(Dataset records)
—————

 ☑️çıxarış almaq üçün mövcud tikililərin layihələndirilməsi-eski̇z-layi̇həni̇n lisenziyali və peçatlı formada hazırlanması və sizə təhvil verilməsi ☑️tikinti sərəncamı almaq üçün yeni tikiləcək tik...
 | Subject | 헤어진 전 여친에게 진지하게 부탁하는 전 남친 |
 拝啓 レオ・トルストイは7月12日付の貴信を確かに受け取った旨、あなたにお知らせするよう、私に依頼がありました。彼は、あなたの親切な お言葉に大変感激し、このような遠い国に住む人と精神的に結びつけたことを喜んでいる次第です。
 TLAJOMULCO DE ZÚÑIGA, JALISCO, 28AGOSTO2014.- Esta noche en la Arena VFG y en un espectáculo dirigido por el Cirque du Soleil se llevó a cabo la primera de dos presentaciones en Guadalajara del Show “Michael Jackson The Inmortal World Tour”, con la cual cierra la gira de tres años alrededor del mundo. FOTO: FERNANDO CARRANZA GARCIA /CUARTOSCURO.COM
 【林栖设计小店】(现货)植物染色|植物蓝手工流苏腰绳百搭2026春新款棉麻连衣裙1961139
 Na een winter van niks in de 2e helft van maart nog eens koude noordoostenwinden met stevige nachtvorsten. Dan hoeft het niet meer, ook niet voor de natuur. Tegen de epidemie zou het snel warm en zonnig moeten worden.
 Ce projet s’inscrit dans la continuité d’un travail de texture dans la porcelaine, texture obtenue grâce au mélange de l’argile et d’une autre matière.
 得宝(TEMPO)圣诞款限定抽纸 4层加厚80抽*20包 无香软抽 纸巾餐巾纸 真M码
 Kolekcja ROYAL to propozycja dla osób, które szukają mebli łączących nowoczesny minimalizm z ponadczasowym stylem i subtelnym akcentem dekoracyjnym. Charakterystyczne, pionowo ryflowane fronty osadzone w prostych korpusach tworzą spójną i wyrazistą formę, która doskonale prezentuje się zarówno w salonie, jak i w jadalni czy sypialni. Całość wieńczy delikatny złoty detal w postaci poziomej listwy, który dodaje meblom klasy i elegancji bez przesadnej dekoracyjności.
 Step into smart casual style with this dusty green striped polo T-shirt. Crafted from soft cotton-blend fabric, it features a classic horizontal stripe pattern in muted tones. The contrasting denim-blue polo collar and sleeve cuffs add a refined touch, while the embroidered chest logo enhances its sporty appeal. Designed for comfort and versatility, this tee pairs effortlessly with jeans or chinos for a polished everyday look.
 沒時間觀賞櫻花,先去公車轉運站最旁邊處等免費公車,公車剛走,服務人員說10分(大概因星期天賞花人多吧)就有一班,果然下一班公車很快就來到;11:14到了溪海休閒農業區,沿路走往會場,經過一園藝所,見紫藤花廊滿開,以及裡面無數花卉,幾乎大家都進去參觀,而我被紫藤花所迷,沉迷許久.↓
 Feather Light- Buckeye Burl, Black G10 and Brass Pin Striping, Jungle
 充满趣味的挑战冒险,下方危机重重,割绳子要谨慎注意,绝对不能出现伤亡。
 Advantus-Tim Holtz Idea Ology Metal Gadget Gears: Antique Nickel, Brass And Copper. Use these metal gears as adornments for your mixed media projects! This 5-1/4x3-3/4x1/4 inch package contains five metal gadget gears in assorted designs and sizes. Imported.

—————

## [Requirement]
In the records above, find each line that mentions the word "Brass", and copy it.

## [Result below]
 Feather Light- Buckeye Burl, Black G10 and Brass Pin Striping, Jungle
 Advantus-Tim Holtz Idea Ology Metal Gadget Gears: Antique Nickel, Brass And Copper. Use these metal gears as adornments for your mixed media projects! This 5-1/4x3-3/4x1/4 inch package contains five metal gadget gears in assorted designs and sizes. Imported.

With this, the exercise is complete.